● HOW TO COMPLETE THIS TASK: Leaving out the pictures, retype the lines from the beginning of the listing through the line containing "GFI MAX Skip".

● DATA FOR THIS EXERCISE:

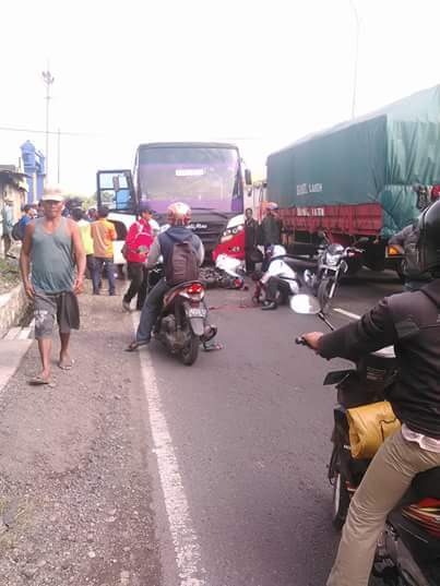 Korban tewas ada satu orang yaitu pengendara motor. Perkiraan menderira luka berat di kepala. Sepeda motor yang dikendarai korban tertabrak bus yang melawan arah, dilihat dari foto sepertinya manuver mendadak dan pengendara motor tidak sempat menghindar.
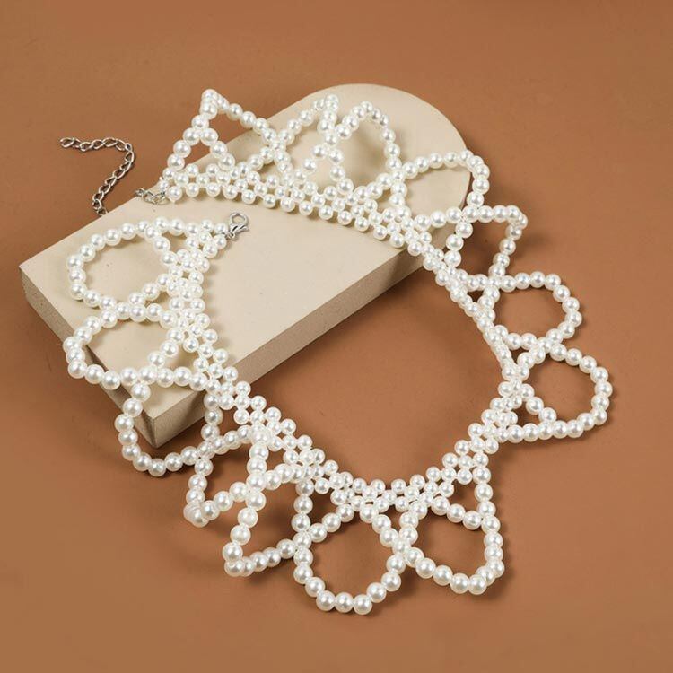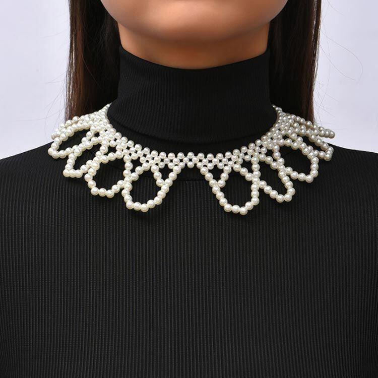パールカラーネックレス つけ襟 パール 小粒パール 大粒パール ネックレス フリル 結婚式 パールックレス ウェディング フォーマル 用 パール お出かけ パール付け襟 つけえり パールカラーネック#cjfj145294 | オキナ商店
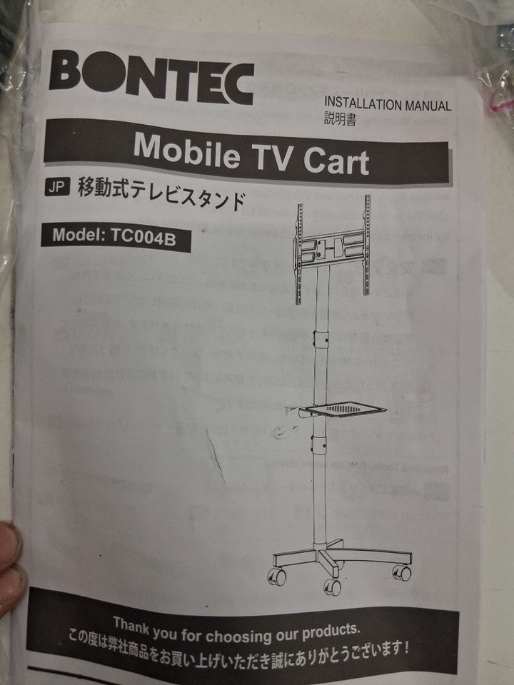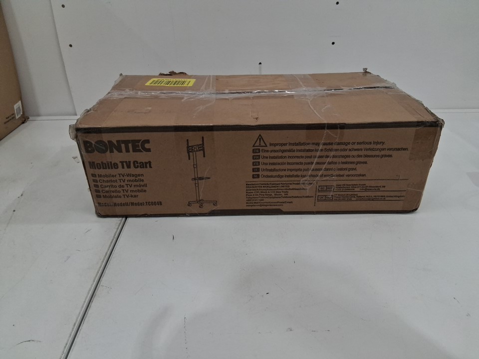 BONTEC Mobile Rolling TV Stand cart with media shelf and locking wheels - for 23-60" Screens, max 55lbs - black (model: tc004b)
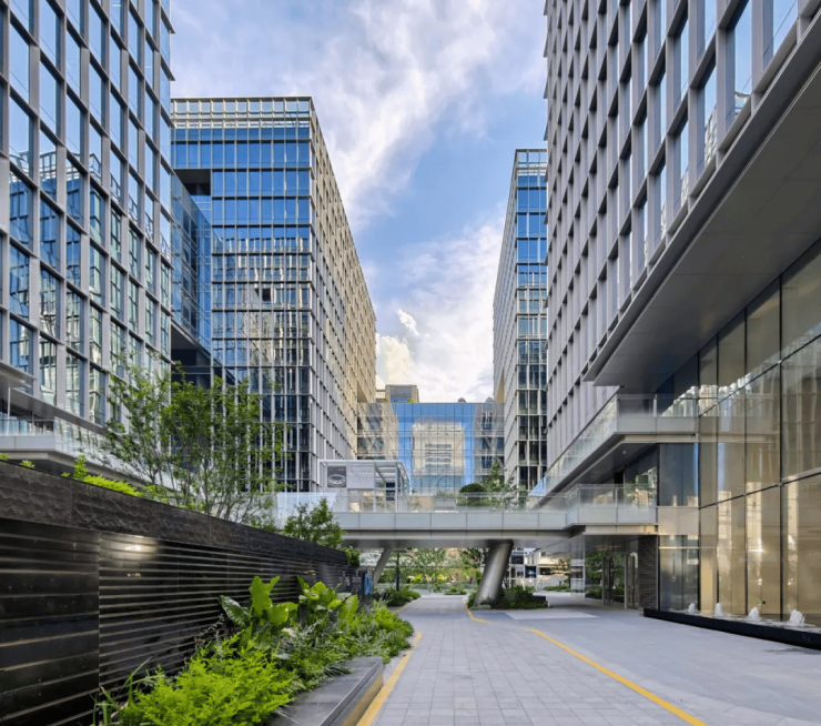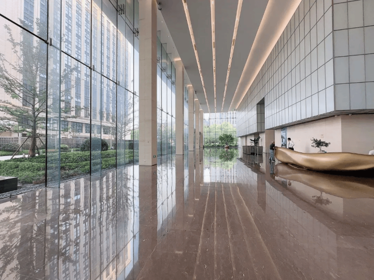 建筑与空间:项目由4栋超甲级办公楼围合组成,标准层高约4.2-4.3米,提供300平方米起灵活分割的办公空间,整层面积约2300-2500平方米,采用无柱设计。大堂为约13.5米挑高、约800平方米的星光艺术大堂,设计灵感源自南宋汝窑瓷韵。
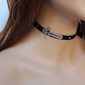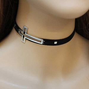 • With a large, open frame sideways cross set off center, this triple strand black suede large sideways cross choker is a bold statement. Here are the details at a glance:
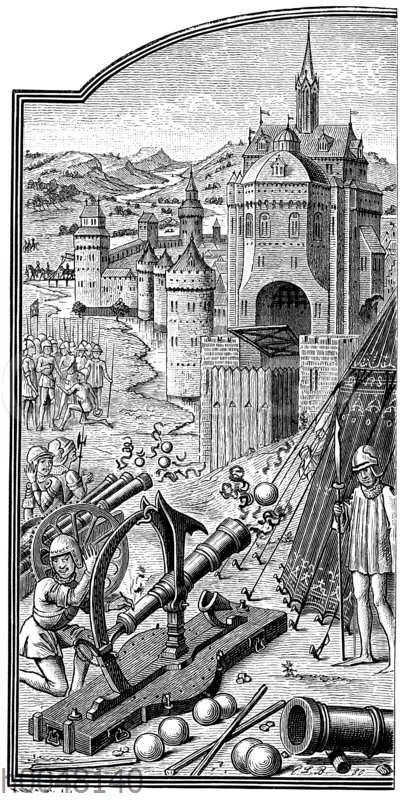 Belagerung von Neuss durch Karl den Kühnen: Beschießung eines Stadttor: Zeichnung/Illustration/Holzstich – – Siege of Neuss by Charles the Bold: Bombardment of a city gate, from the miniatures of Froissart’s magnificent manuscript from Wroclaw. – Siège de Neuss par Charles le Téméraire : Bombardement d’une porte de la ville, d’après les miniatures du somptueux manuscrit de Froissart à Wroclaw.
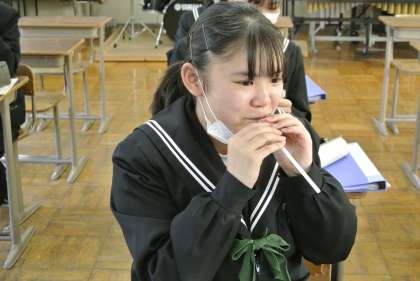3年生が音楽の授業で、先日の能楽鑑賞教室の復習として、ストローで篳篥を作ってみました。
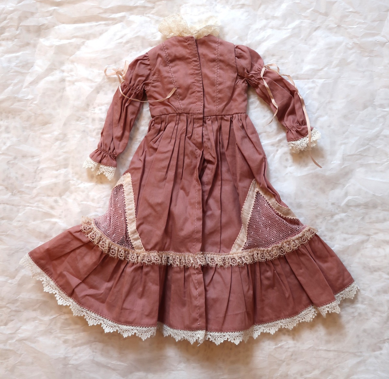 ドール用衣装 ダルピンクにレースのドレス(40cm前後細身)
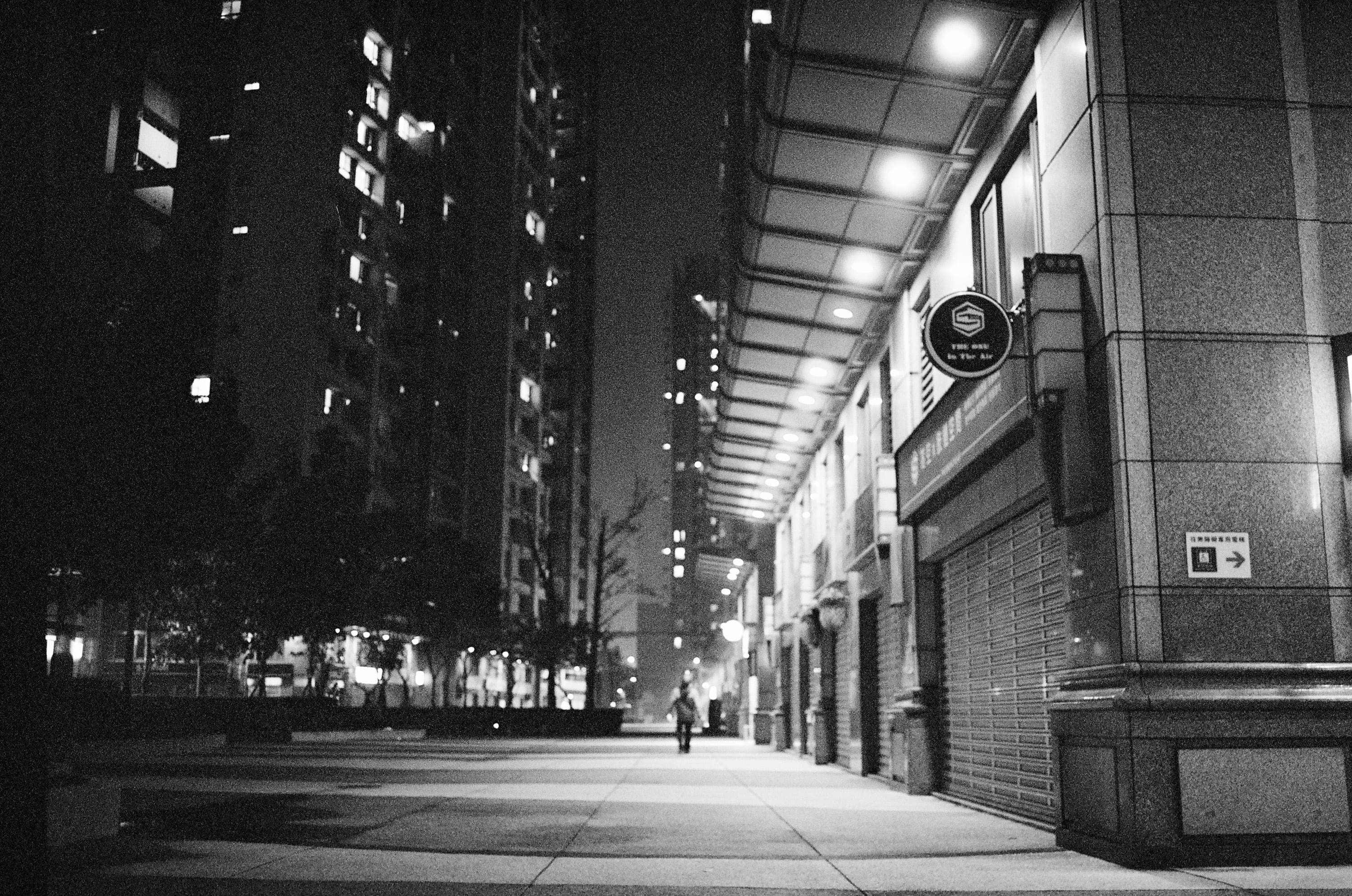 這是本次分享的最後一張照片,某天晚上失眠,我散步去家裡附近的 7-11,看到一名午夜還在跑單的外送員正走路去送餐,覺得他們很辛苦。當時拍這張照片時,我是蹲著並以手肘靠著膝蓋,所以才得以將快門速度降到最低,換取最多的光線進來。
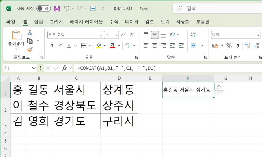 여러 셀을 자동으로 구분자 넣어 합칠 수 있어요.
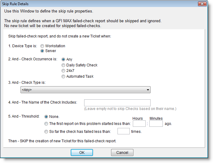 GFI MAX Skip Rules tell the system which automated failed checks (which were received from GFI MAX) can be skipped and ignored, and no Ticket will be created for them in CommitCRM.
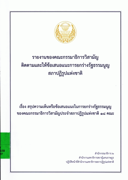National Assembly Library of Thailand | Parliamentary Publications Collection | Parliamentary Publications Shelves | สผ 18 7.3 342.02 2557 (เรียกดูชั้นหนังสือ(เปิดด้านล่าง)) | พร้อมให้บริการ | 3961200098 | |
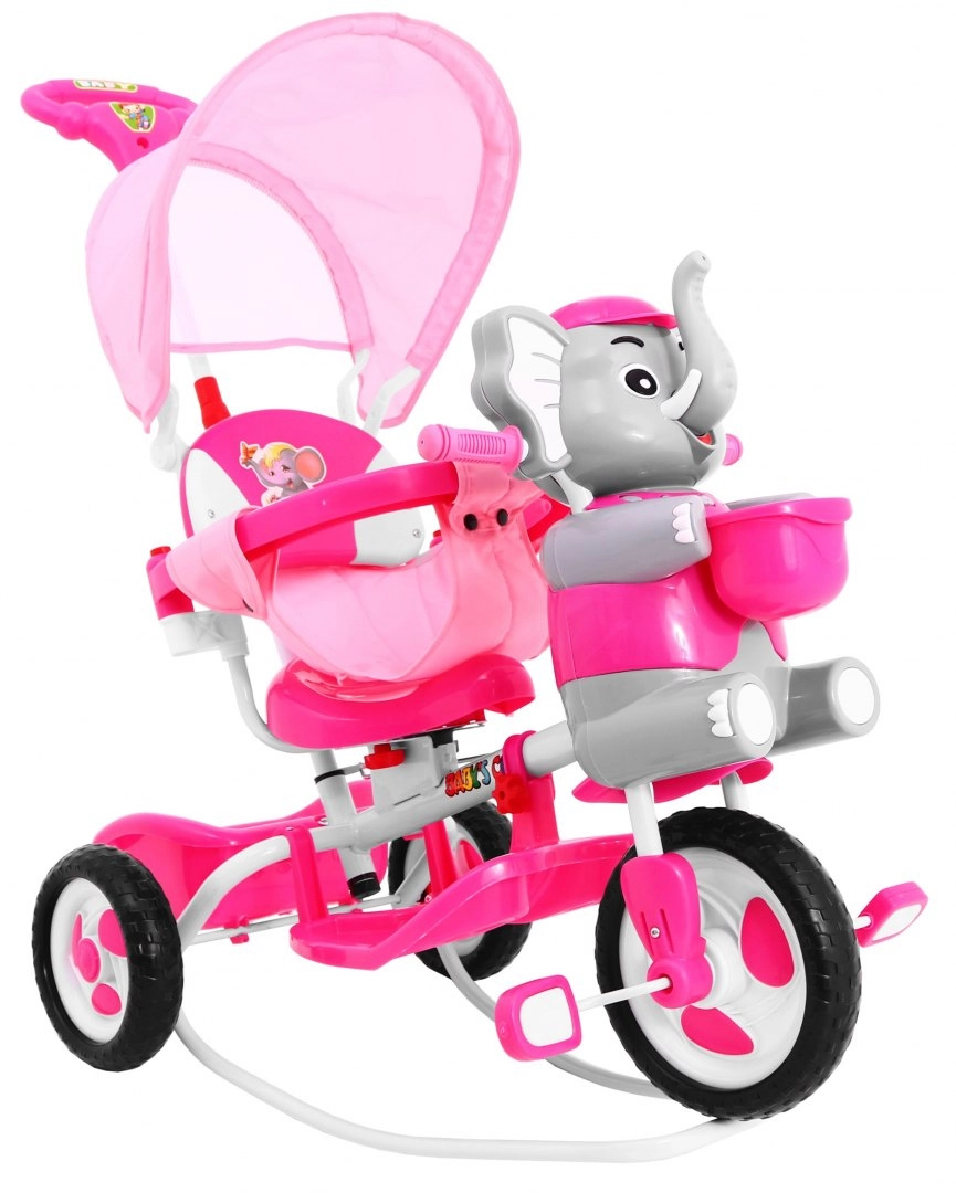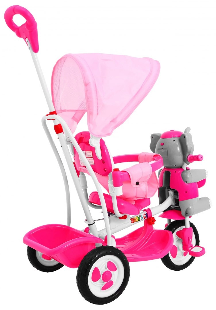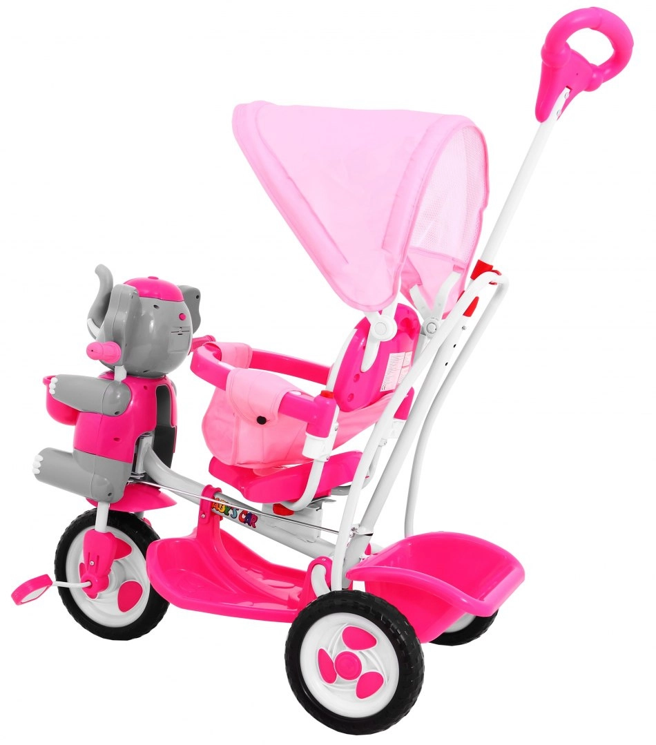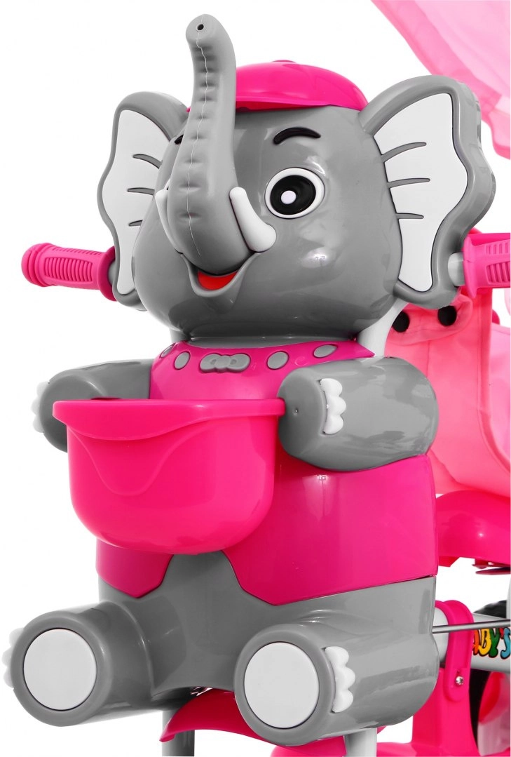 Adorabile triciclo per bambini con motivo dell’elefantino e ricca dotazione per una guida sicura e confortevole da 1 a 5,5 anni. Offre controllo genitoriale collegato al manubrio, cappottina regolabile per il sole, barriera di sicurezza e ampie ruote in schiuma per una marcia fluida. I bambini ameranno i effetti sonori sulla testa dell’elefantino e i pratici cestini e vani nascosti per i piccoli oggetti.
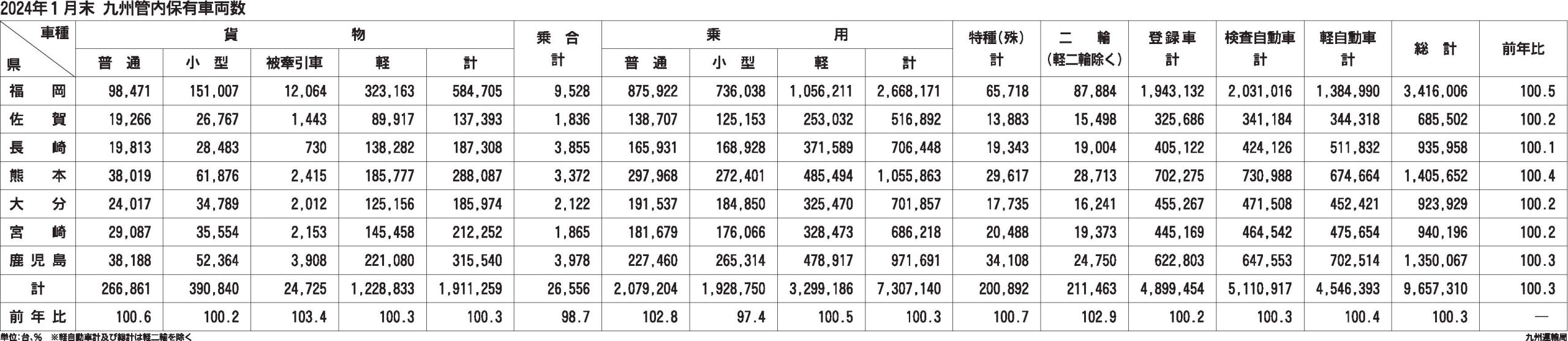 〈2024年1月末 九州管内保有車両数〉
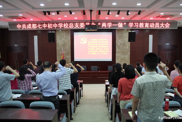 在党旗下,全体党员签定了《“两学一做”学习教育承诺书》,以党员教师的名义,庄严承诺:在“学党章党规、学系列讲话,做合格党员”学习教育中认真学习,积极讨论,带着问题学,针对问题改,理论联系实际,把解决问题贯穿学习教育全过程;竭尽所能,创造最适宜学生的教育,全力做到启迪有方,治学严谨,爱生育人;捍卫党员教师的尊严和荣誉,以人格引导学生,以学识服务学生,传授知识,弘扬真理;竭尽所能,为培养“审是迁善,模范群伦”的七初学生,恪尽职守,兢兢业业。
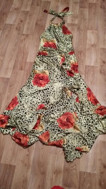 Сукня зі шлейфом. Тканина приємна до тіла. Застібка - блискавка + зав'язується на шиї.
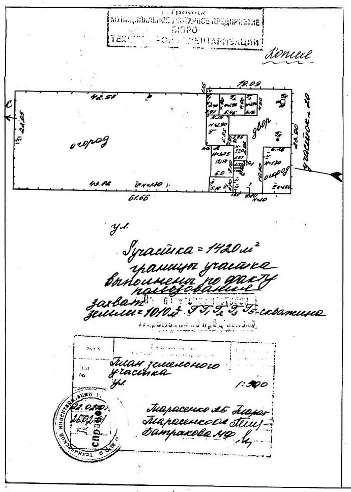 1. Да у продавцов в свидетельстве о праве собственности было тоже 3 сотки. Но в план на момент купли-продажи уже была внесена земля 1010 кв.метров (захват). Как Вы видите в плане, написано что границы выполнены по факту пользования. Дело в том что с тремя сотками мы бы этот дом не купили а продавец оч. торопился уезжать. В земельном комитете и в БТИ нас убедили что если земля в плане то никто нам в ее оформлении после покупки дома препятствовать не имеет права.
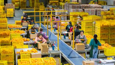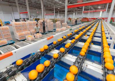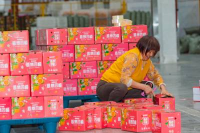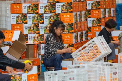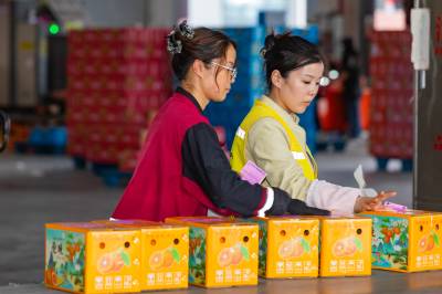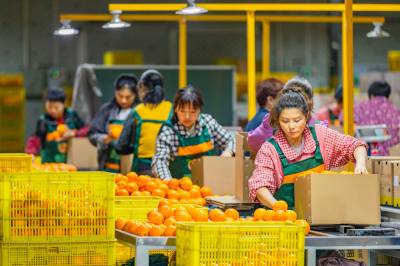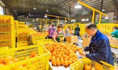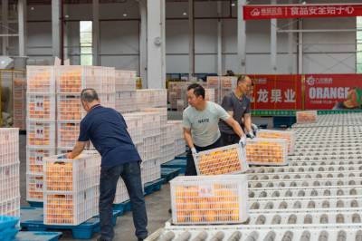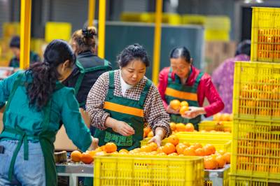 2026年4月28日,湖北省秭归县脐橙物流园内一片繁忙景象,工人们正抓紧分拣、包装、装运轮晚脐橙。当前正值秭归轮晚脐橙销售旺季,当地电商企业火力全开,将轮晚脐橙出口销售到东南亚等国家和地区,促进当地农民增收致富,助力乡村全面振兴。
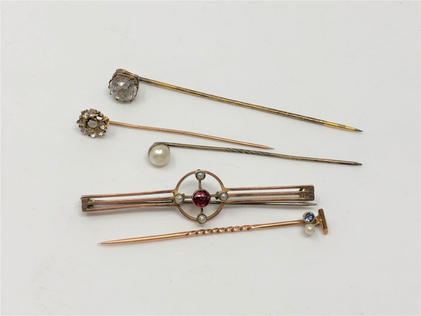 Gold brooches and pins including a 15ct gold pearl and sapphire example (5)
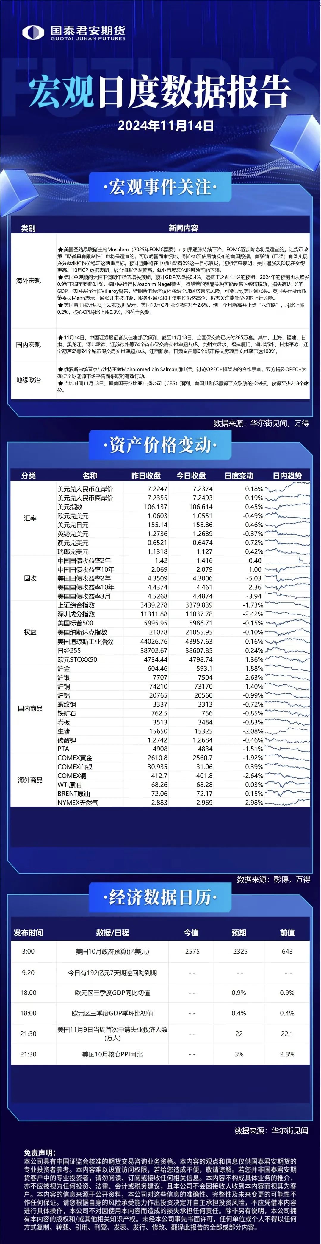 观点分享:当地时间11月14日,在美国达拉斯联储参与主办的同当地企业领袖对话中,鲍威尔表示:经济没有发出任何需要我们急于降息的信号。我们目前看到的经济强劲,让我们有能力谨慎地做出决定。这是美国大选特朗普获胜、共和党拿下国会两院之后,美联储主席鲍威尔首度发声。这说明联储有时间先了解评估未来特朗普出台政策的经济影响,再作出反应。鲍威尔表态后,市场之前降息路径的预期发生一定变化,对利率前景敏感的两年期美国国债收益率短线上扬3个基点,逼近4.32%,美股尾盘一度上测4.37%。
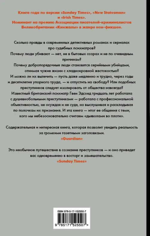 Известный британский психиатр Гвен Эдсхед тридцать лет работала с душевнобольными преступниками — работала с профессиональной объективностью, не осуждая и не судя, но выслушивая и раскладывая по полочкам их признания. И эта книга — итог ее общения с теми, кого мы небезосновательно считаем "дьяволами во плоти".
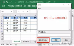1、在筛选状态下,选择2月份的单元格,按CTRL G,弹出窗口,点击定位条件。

● EXERCISE RESULT:
 Korban tewas ada satu orang yaitu pengendara motor. Perkiraan menderira luka berat di kepala. Sepeda motor yang dikendarai korban tertabrak bus yang melawan arah, dilihat dari foto sepertinya manuver mendadak dan pengendara motor tidak sempat menghindar.
パールカラーネックレス つけ襟 パール 小粒パール 大粒パール ネックレス フリル 結婚式 パールックレス ウェディング フォーマル 用 パール お出かけ パール付け襟 つけえり パールカラーネック#cjfj145294 | オキナ商店
 BONTEC Mobile Rolling TV Stand cart with media shelf and locking wheels - for 23-60" Screens, max 55lbs - black (model: tc004b)
 建筑与空间:项目由4栋超甲级办公楼围合组成,标准层高约4.2-4.3米,提供300平方米起灵活分割的办公空间,整层面积约2300-2500平方米,采用无柱设计。大堂为约13.5米挑高、约800平方米的星光艺术大堂,设计灵感源自南宋汝窑瓷韵。
 • With a large, open frame sideways cross set off center, this triple strand black suede large sideways cross choker is a bold statement. Here are the details at a glance:
 Belagerung von Neuss durch Karl den Kühnen: Beschießung eines Stadttor: Zeichnung/Illustration/Holzstich – – Siege of Neuss by Charles the Bold: Bombardment of a city gate, from the miniatures of Froissart’s magnificent manuscript from Wroclaw. – Siège de Neuss par Charles le Téméraire : Bombardement d’une porte de la ville, d’après les miniatures du somptueux manuscrit de Froissart à Wroclaw.
3年生が音楽の授業で、先日の能楽鑑賞教室の復習として、ストローで篳篥を作ってみました。
 ドール用衣装 ダルピンクにレースのドレス(40cm前後細身)
 這是本次分享的最後一張照片,某天晚上失眠,我散步去家裡附近的 7-11,看到一名午夜還在跑單的外送員正走路去送餐,覺得他們很辛苦。當時拍這張照片時,我是蹲著並以手肘靠著膝蓋,所以才得以將快門速度降到最低,換取最多的光線進來。
 여러 셀을 자동으로 구분자 넣어 합칠 수 있어요.
 GFI MAX Skip Rules tell the system which automated failed checks (which were received from GFI MAX) can be skipped and ignored, and no Ticket will be created for them in CommitCRM.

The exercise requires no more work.